Arrivé dans une ville, il convoquait les magistrats municipaux et les principaux habitants dans une sorte de conférence, il se faisait instruire de l’état passé et présent du commerce maritime et de tout ce qui pouvait intéresser l’objet de sa mission puis il procédait lui même à l’inspection du port, des navires, des arsenaux, des pièces d’artillerie.
Un professeur de Mathématiques Jacques de Maretz d’Aix en Provence, levait le plan de tous les endroits visités. Le résultat de tous ces relevés topographiques se trouva consigné sur une carte d’ensemble qui représentait dans le plus grand détail la côte provençale, jusqu'à 2 ou 3 lieues à l’intérieur des terres l’étude de cette carte devait déterminer Richelieu à faire élever des fortifications sur divers point de la côte, comme Porquerolles, Port Cros, Sainte Marguerite , Saint Honorat,La Croisette , Agay, Cavalaire, Bréganson, Balaguier, Les Embiez, etc.

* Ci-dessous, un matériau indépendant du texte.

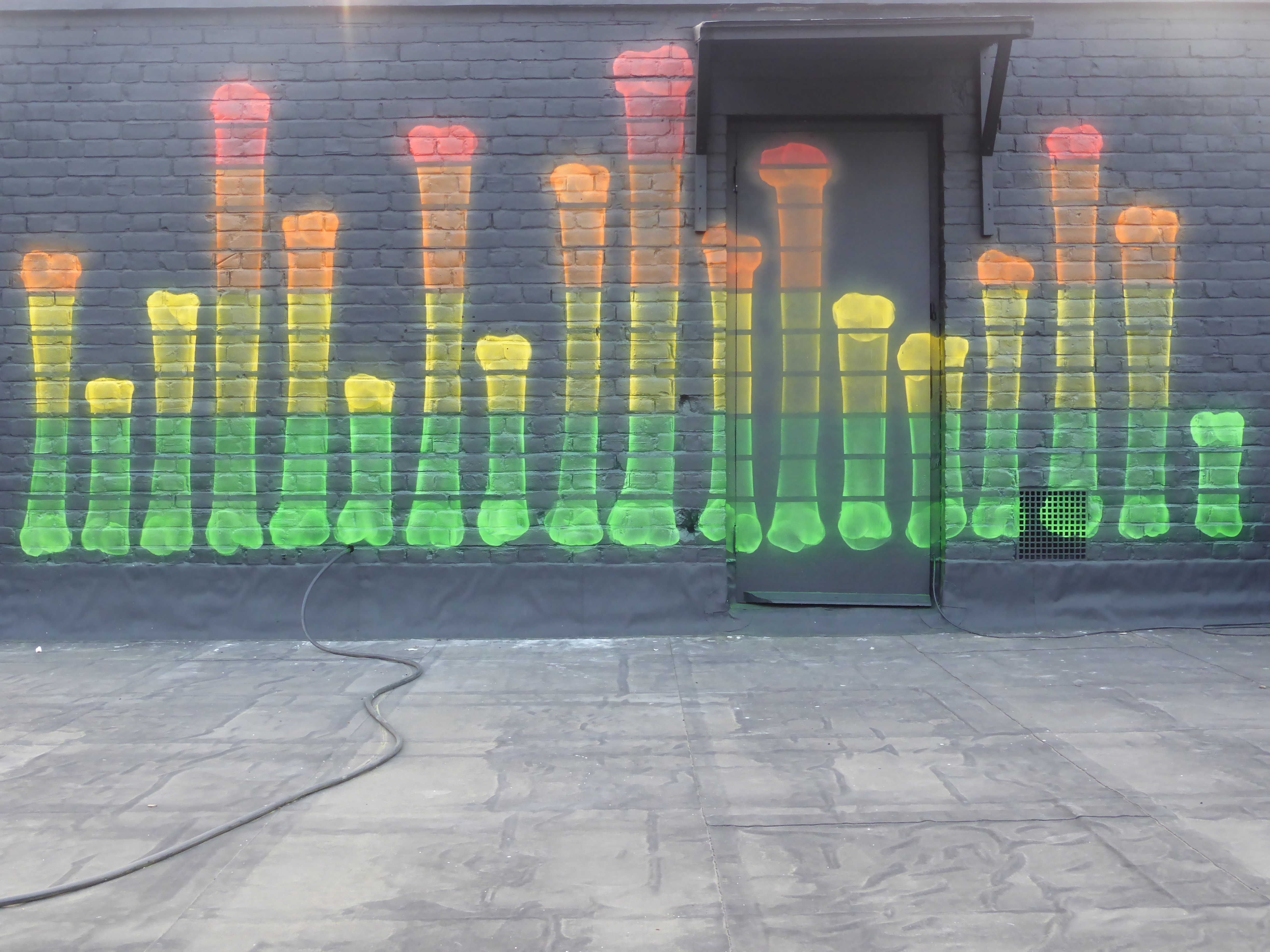 The latest addition to the Jealous Gallery roof’s feature wall as a part of the ongoing Jealous Rooftop Mural Project is a work from Shok-1, who paints what he dubs ‘Aerosol X-Ray’ art. Shok-1 uses the many anatomical elements of the human body to transform and create his myriad hybrids of them that distinguish his glowing X-ray compositions, The translucent quality is due to his meticulous technique with cans and caps, and a closely held method at that, in fact when we passed by while Shok-1 was constructing this piece, he didn’t wish to be seen painting through fear of losing his technique. I was fortunate enough to be let up on the roof again by the kind staff of the Jealous Gallery to document and share this piece which is entitled ‘What Your Soul Sounds Like’, depicting a graphic equalizer comprising his trademark X-Ray elements.
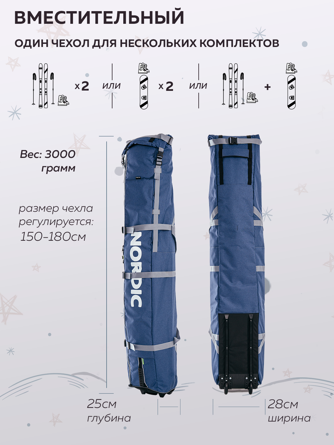 Чехол для лыж и сноубордов на колесиках Nordic 160-210 см темно-синий

Le port de Maubousquet est cité dans la description de la baie de Porquerolles : "le port de Porqueroles qui est bon d'est, de sud est, sud, sud ouest et ouest, capable de plusieurs galères et où il y a aussi une fontaine….. Dans le circuit de la même plage, il y a un autre petit port appelé Maubousquet, bon pour (tous) vents sauf d'est et nord est. Non loin de là est la plage de bon Renaud "
Donc le port Maubousquet est antérieur à 1633, et on ne trouve pas de références plus anciennes.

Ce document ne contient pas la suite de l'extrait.